## Instructions to follow
Would you return the data exactly as given, except for its pictures?

Extracted data entries:
......
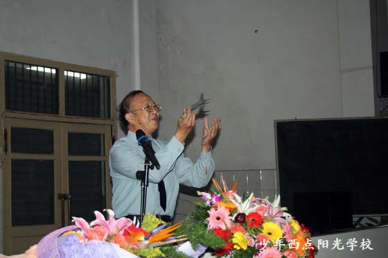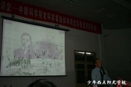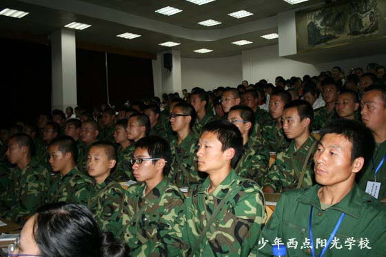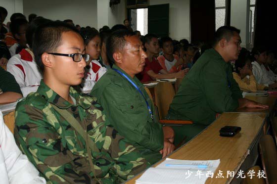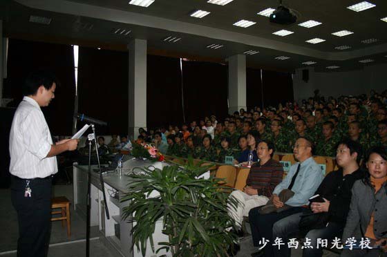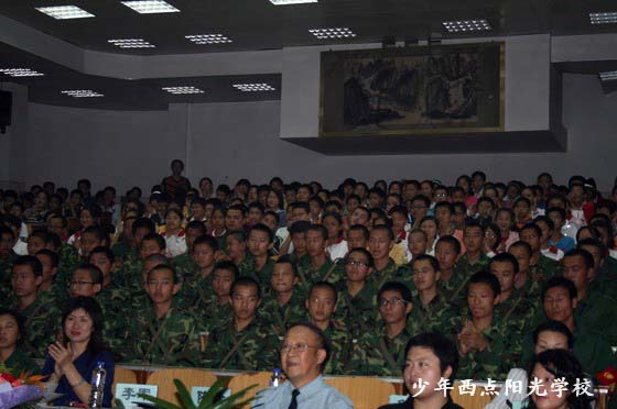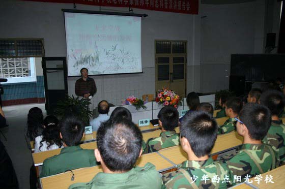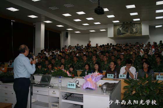 少年西点阳光学校全体师生参加的是老科学家徐邦年教授主讲的《未来空战与航空武器装备的发展》。中午1点,我校全体师生迈着整齐的步伐,用2个小时的时间,徙步行军10公里,提前来到宜昌市第五中学的听课地点。下午3点30分,身穿天蓝色军装,已过花甲的中科院普讲团老科学家徐邦年教授面带笑容,站在五中讲台上给师生们上了一堂丰富有趣的航空航天课,在课堂上徐教授还耐心解答了同学们提出的各种问题。当徐教授看到听众席上少年西点阳光学校整齐的绿色方阵时露出了赞许的目光和满意的笑容。
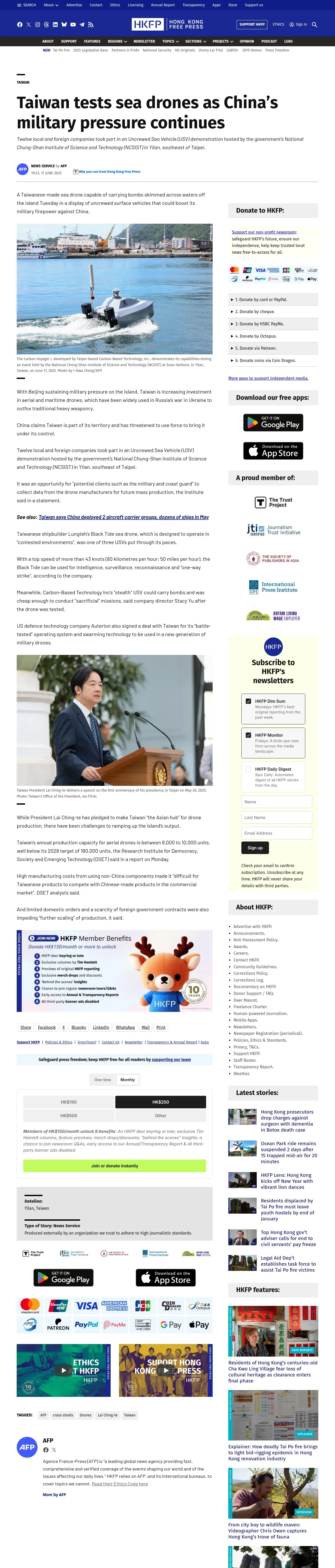 https://hongkongfp.com:443/2025/06/17/taiwan-tests-sea-drones-as-chinas-military-pressure-continues/
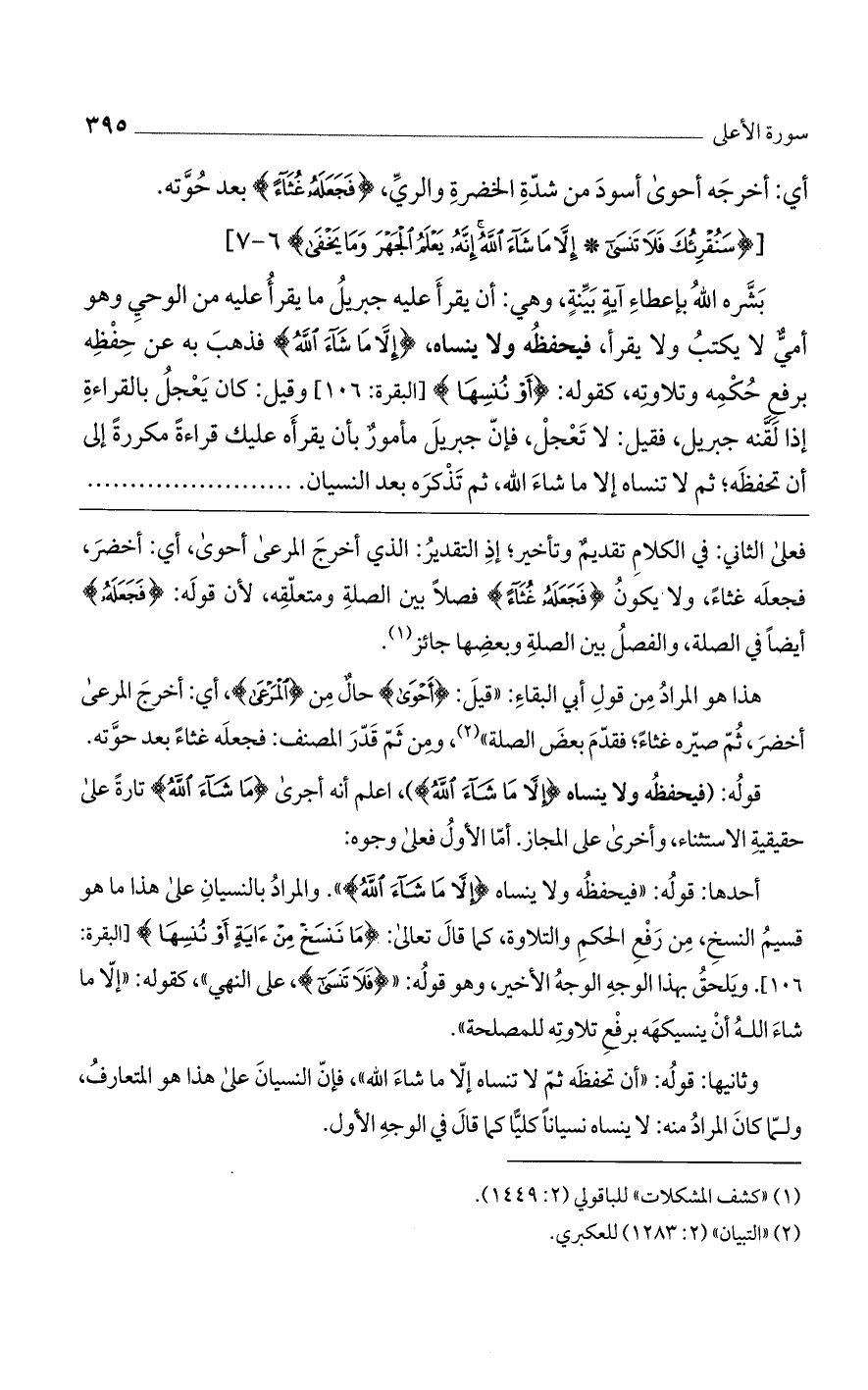 أحدها: قوله: "فيحفظه ولا ينساه {إِلَّا مَا شَاءَ اللَّهُ} ". والمراد بالنسيان على هذا ما هو قسيم النسخ، من رفع الحكم والتلاوة، كما قال تعالى: {مَا نَنسَخْ مِنْ آيَةٍ أَوْ نُنسِهَا} [البقرة: 106]. ويلحق بهذا الوجه الوجه الأخير، وهو قوله: " {فَلَا تَنسَى}، على النهي"، كقوله: "إلا ما شاء الله أن ينسيكهه برفع تلاوته للمصلحة".
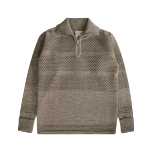 High neck short zip variant of the fisherman sweater. Pattern 1919, in production since 1947. Angled sleeves reduce yarn waste and create the signature dropped shoulder. Bubble knit segments mixed with plain knit. Outside robust fisherman wool; inside extra fine merino. Short RIRI zipper at front. 7GG fabric fineness (7 needles per inch). 100% pure new wool. Made in Latvia.
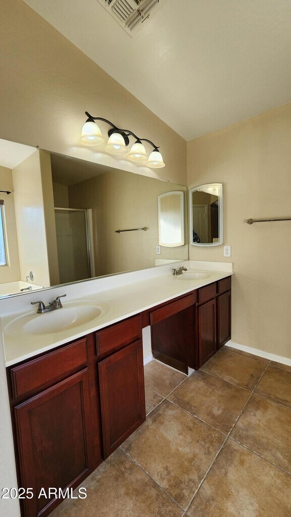 This home has 3332 Sq Ft,5 Bd/3Ba,NEW HVAC,SOLAR,3 CAR GARAGE,1 Bedroom and 1 full bathroom downstairs. All appliances are included. Oversized primary suite upstairs with double doors. Primary Bathroom has separate tub and shower,double vanity sinks,and a large closet. Floor plan has a spacious front room with formal dining room. Kitchen has ALL NEW APPLIANCES,granite countertops,plenty of cabinetry,large kitchen island,great countertop space,and a farmhouse sink overlooking the backyard. The kitchen opens up to dining room and large living room. Backyard has an extended patio,desert landscaping with a raised garden bed.***Landlords will allow you to paint the interior with approval**
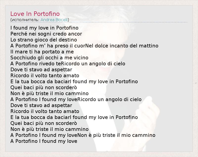 А как ты думаешь, о чем песня "Love In Portofino" ?
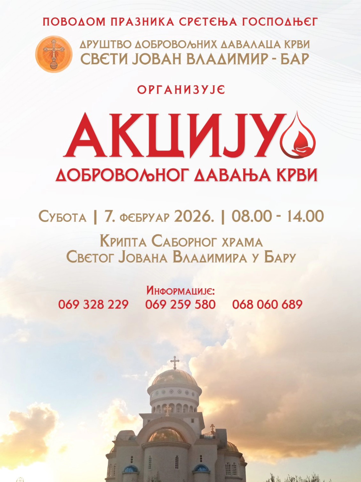 Поводом прославе празника Сретење Господње, Друштво добровољних давалаца крви „Свети Јован Владимир“ организује нову акцију добровољног давања крви.
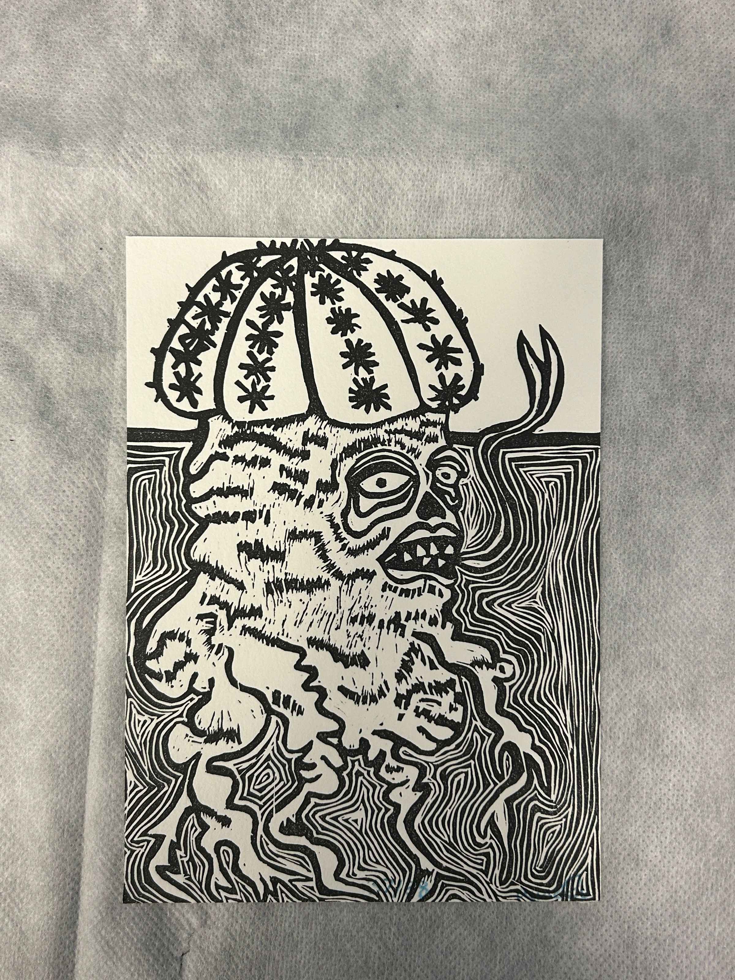 A small black and white print of a zombie-like figure coming out of the ground with a cactus on its head.Collection
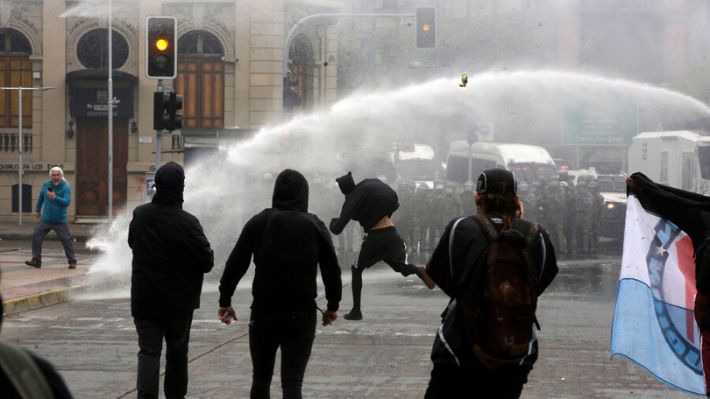 Si bien son cerca de dos mil las personas que participan de la marcha de manera pacífica que se trasladó por la Alameda y que se dirigía hacia Recoleta, en distintos puntos se produjeron serios incidentes.
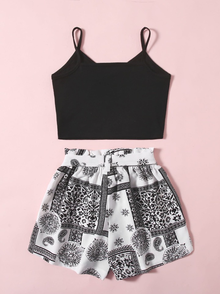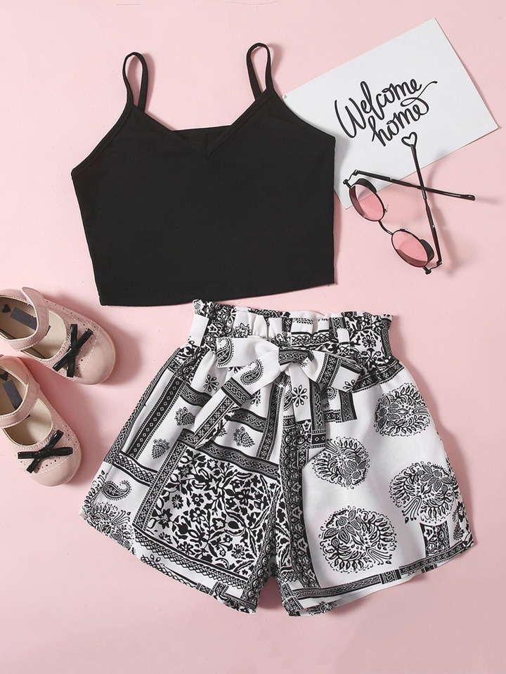 شورت بحزام بيزلي مع لباس علوي كامي للبنات الصغار
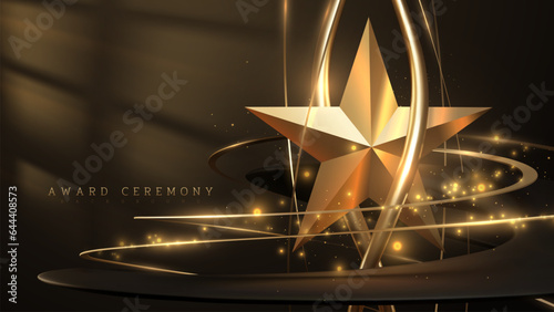 The watermark will not be included on Canvas Print.: 3d gold star with black ribbon elements and sunlight breaks through the back window with bokeh decor
......
## Completed task
 少年西点阳光学校全体师生参加的是老科学家徐邦年教授主讲的《未来空战与航空武器装备的发展》。中午1点,我校全体师生迈着整齐的步伐,用2个小时的时间,徙步行军10公里,提前来到宜昌市第五中学的听课地点。下午3点30分,身穿天蓝色军装,已过花甲的中科院普讲团老科学家徐邦年教授面带笑容,站在五中讲台上给师生们上了一堂丰富有趣的航空航天课,在课堂上徐教授还耐心解答了同学们提出的各种问题。当徐教授看到听众席上少年西点阳光学校整齐的绿色方阵时露出了赞许的目光和满意的笑容。
 https://hongkongfp.com:443/2025/06/17/taiwan-tests-sea-drones-as-chinas-military-pressure-continues/
 أحدها: قوله: "فيحفظه ولا ينساه {إِلَّا مَا شَاءَ اللَّهُ} ". والمراد بالنسيان على هذا ما هو قسيم النسخ، من رفع الحكم والتلاوة، كما قال تعالى: {مَا نَنسَخْ مِنْ آيَةٍ أَوْ نُنسِهَا} [البقرة: 106]. ويلحق بهذا الوجه الوجه الأخير، وهو قوله: " {فَلَا تَنسَى}، على النهي"، كقوله: "إلا ما شاء الله أن ينسيكهه برفع تلاوته للمصلحة".
 High neck short zip variant of the fisherman sweater. Pattern 1919, in production since 1947. Angled sleeves reduce yarn waste and create the signature dropped shoulder. Bubble knit segments mixed with plain knit. Outside robust fisherman wool; inside extra fine merino. Short RIRI zipper at front. 7GG fabric fineness (7 needles per inch). 100% pure new wool. Made in Latvia.
 This home has 3332 Sq Ft,5 Bd/3Ba,NEW HVAC,SOLAR,3 CAR GARAGE,1 Bedroom and 1 full bathroom downstairs. All appliances are included. Oversized primary suite upstairs with double doors. Primary Bathroom has separate tub and shower,double vanity sinks,and a large closet. Floor plan has a spacious front room with formal dining room. Kitchen has ALL NEW APPLIANCES,granite countertops,plenty of cabinetry,large kitchen island,great countertop space,and a farmhouse sink overlooking the backyard. The kitchen opens up to dining room and large living room. Backyard has an extended patio,desert landscaping with a raised garden bed.***Landlords will allow you to paint the interior with approval**
 А как ты думаешь, о чем песня "Love In Portofino" ?
 Поводом прославе празника Сретење Господње, Друштво добровољних давалаца крви „Свети Јован Владимир“ организује нову акцију добровољног давања крви.
 A small black and white print of a zombie-like figure coming out of the ground with a cactus on its head.Collection
 Si bien son cerca de dos mil las personas que participan de la marcha de manera pacífica que se trasladó por la Alameda y que se dirigía hacia Recoleta, en distintos puntos se produjeron serios incidentes.
 شورت بحزام بيزلي مع لباس علوي كامي للبنات الصغار
 The watermark will not be included on Canvas Print.: 3d gold star with black ribbon elements and sunlight breaks through the back window with bokeh decor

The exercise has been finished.